This tenth novel featuring Marcus Didius Falco puts the tough private eye in the lions' den to investigate an extraordinary case of murder.

Nothing's certain except death and taxes. Catching tax evaders for the Emperor Vespasian looks like a plum position for Marcus Didius Falco, who has teamed up with his old boss, Anacrites, the crotchety chief spy of Rome. Soon, however, Falco is bogged down in bureaucracy, stuck at his stylus, and longing for a good murder to investigate.

He gets one when someone kills the lion Leonidas, the Empire's official executioner. Feared by plebeians and citizens alike, Leonidas administered justice with a swift, sure blow. Then he ate the offender. Now this king of beasts lies stabbed to death in his cage.

Sniffing around for clues, Falco is soon led into the rowdy, decadent world of gladiators and bestiarii, fighters who specialize in contests against animals. Falco finds that it's dark and dangerous in the tunnels under the arena—and even blacker in the desperate souls of those who must kill or be killed each time the games begin. Yet no one has a motive for slaughtering a lion after hours.

The unexpected slaying of the most glamorous gladiator in the city is another matter.
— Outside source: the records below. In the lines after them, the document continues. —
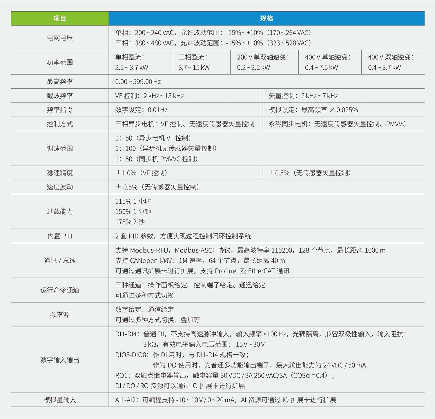 內(nèi)置CANopen、CANlink、Modbus-RTU通訊,支持PN、EtherCAT、EIP高速總線擴(kuò)展
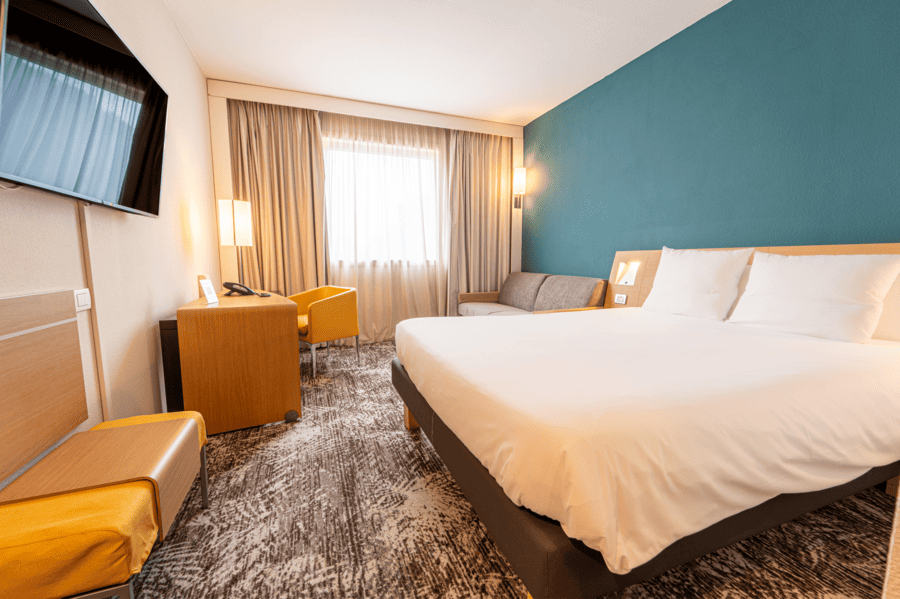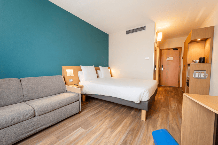 L'hotel dispone di 149 camere moderne, rinnovate nel 2024 e tutte dotate di biancheria da letto di alta qualità LIVE N DREAM, connessione Wi-Fi gratuita, set per la preparazione di tè e caffè.
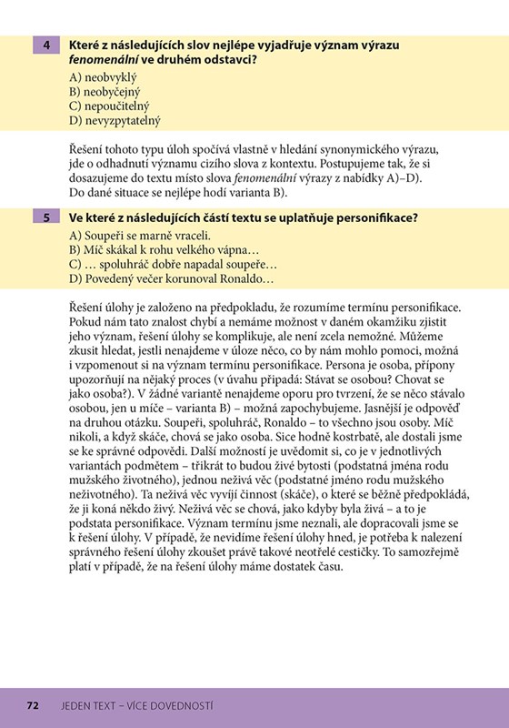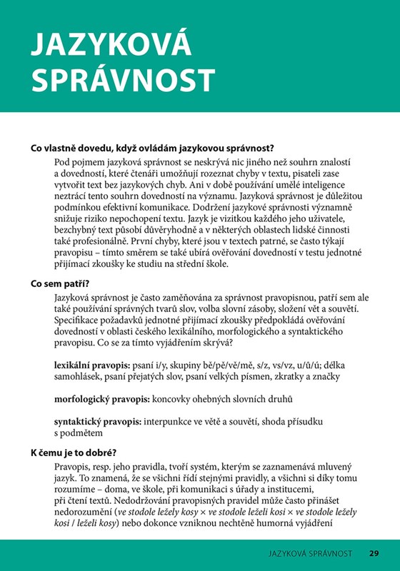 Kniha obsahuje v několika tematicky různých kapitolách úlohy různé obtížnosti. Je užitečným nástrojem, který může pomoci v překonání obav z textů a úloh často vnímaných jako těžké, zejména v rámci testů přijímací zkoušky ke studiu na střední škole.
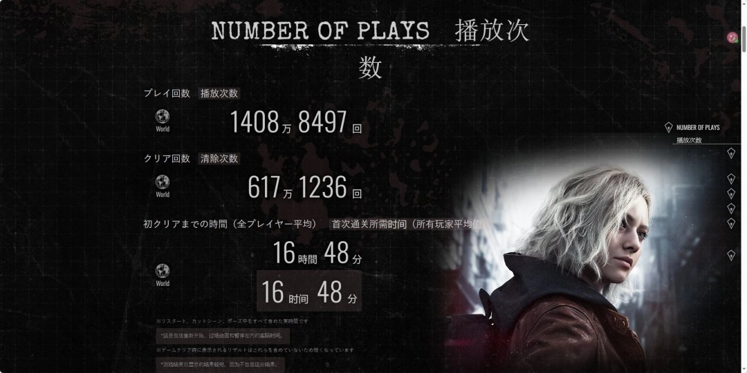 统计页面的数据显示,到目前为止,全球玩家的累计游玩次数已达到1411万7223次,通关次数为619万5028次,玩家首次通关的平均时长是16小时48分钟。
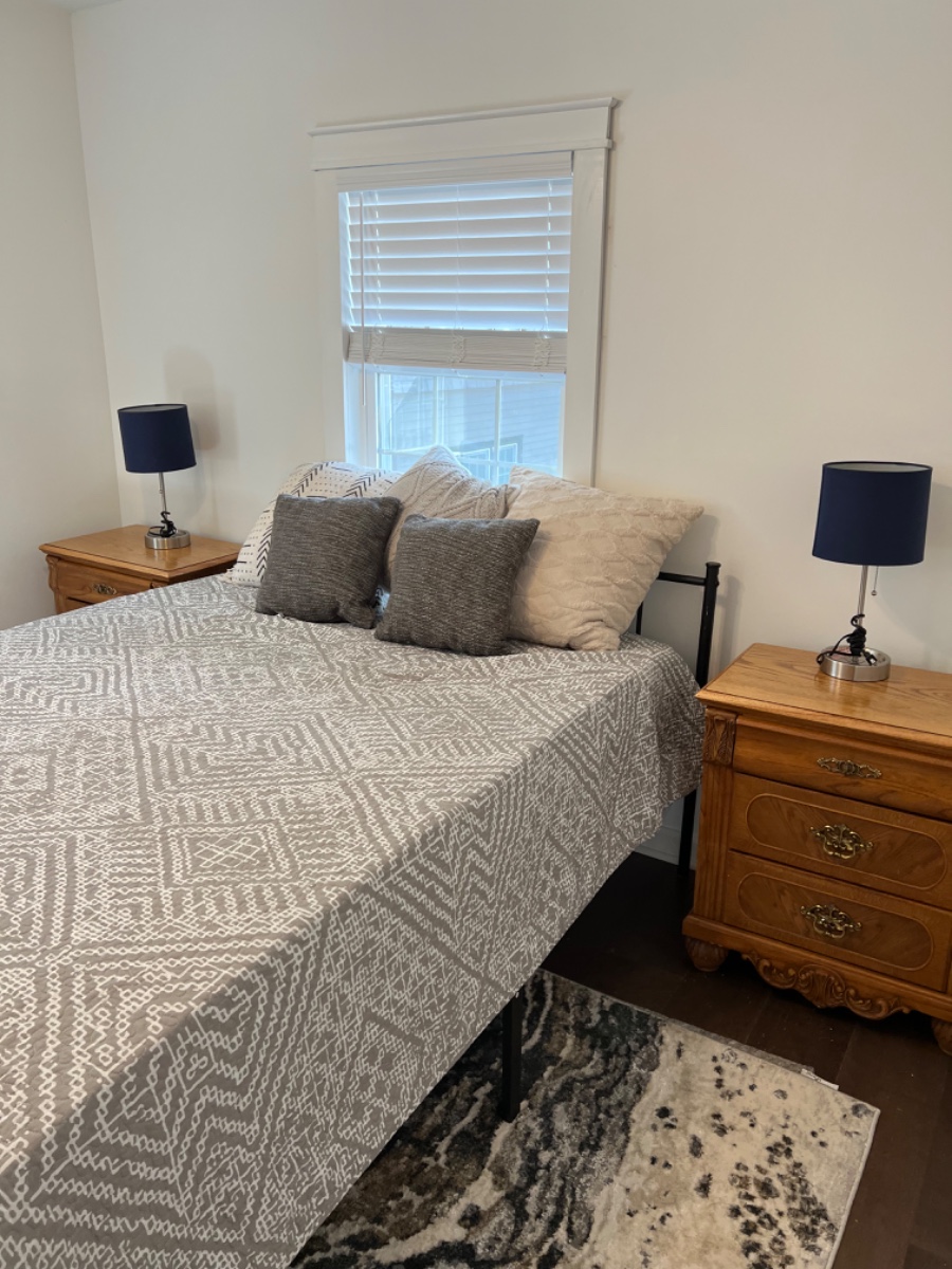 Urban living with a hometown feeling-recently renovated “flower shop” into a modern duplex. Light and airy, clean second floor apartment with large deck. 2 bedrooms with closets, large bathroom with double sinks, shower. Stackable washer/dryer in the unit.
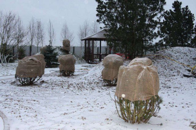 - Den sikreste måten er å bygge et skjold over grenene som et trekantet tak. Hvis vintrene er kalde, burde det ikke være noen sprekker. Omvendt er det nødvendig å gi rosene ventilasjon under varme vintre. Buskene skal ikke komme i kontakt med skjoldene, da det akkumuleres fuktighet på dem, noe som kan føre til at grenene råtner. Ovenfra er skjoldet dekket med en film.
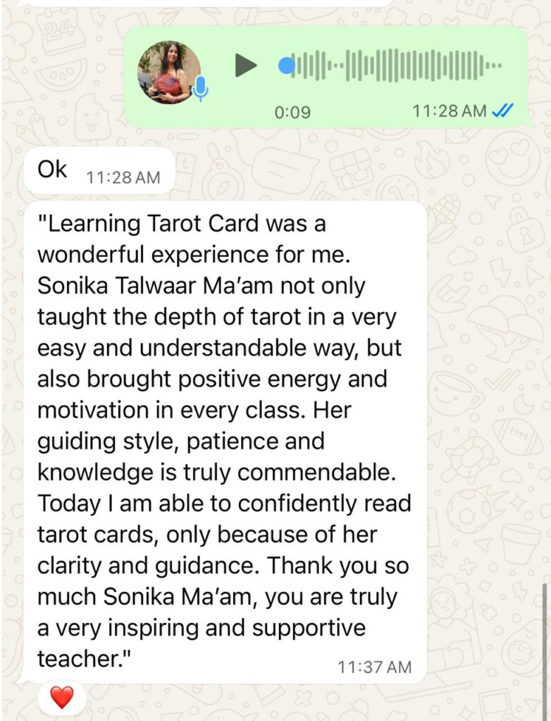 Sonika Talwair is a distinguished Tarot Card Reader with a Masters in Business Administration, blending her technical expertise with strategic business insights.
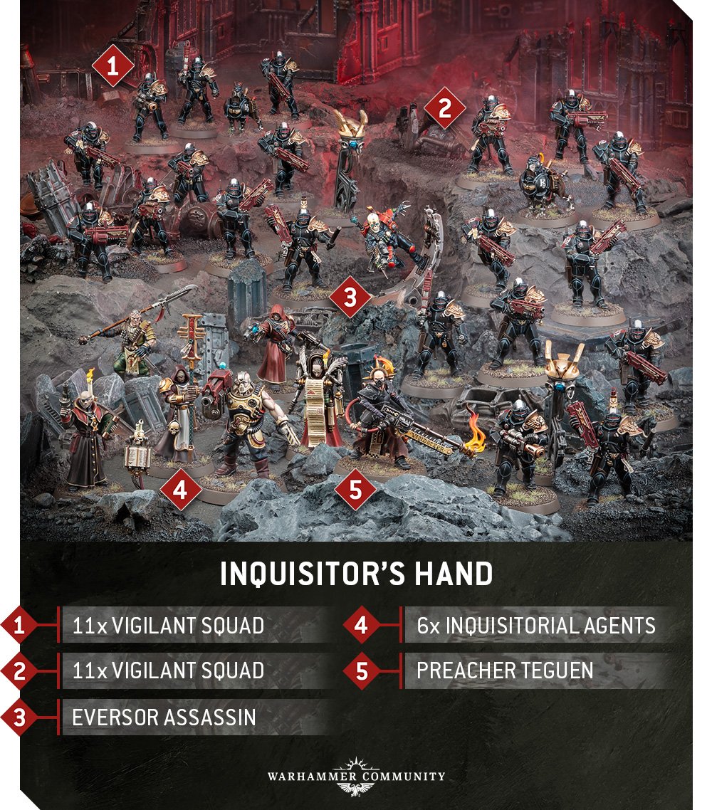 戰鬥巡邏隊審判官之手由牧師特根領導,她是狂熱的信徒和神皇的忠僕,並配備了一個懲戒焰炬。一隊審判庭特勤會攜帶著各種強大的武器追隨她,用重型爆彈槍在遠處撕裂輕型裝甲的敵人,然後由專門司職近戰的專家在近距離戰鬥中與特根並肩砍殺。
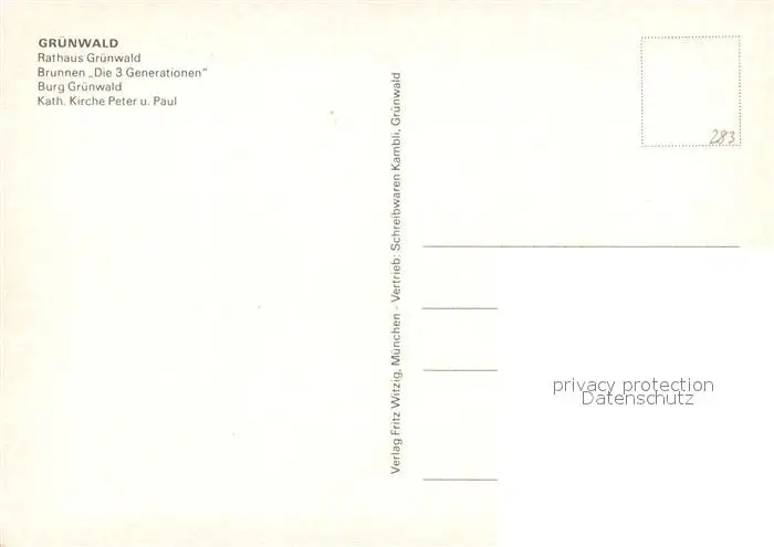 Gruenwald_Muenchen Rathaus Brunnen Die 3 Generationen Burg Gruenwald Kath Kirche Peter und Paul Gruenwald Muenchen postalisch nicht gelaufen nach 1965 Erhaltung siehe scans [WerneD78] WernPID7
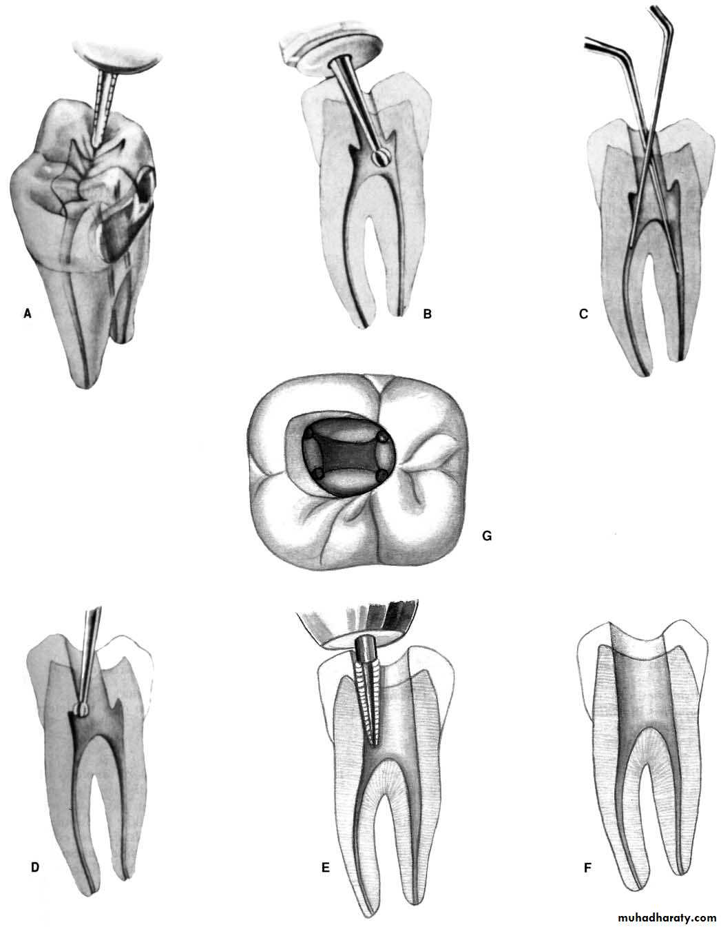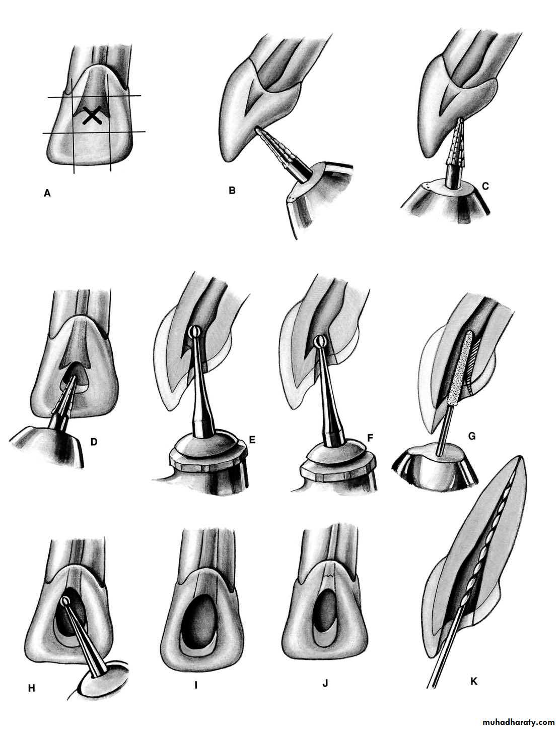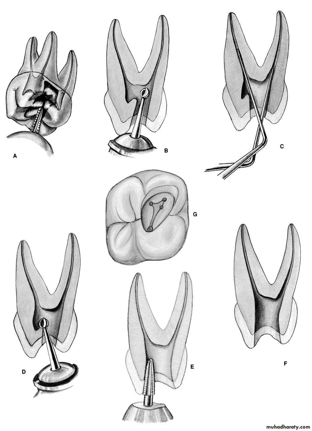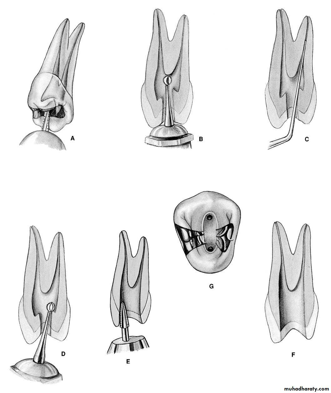 Finishing of the cavity walls is done with a fissure bur to diverge to the access opening which should be ovoid, ovoid preparation reflects the anatomy of the pulp chamber and position of the buccal and lingual canal orifices. Access opening should be funneled downward and flared outward.

Now Falco has a high-profile crime to handle—and a domestic crisis brewing. His lover, the patrician Helena, reports that her disgraced brother needs help in Tripoli. Since Africa may well be the missing link between the murders of man and beast, Falco is quickly en route to those far shores ... and heading toward a dangerous rendezvous with the raging lions that reside in the human heart, and one particular person who stalks his fellow man.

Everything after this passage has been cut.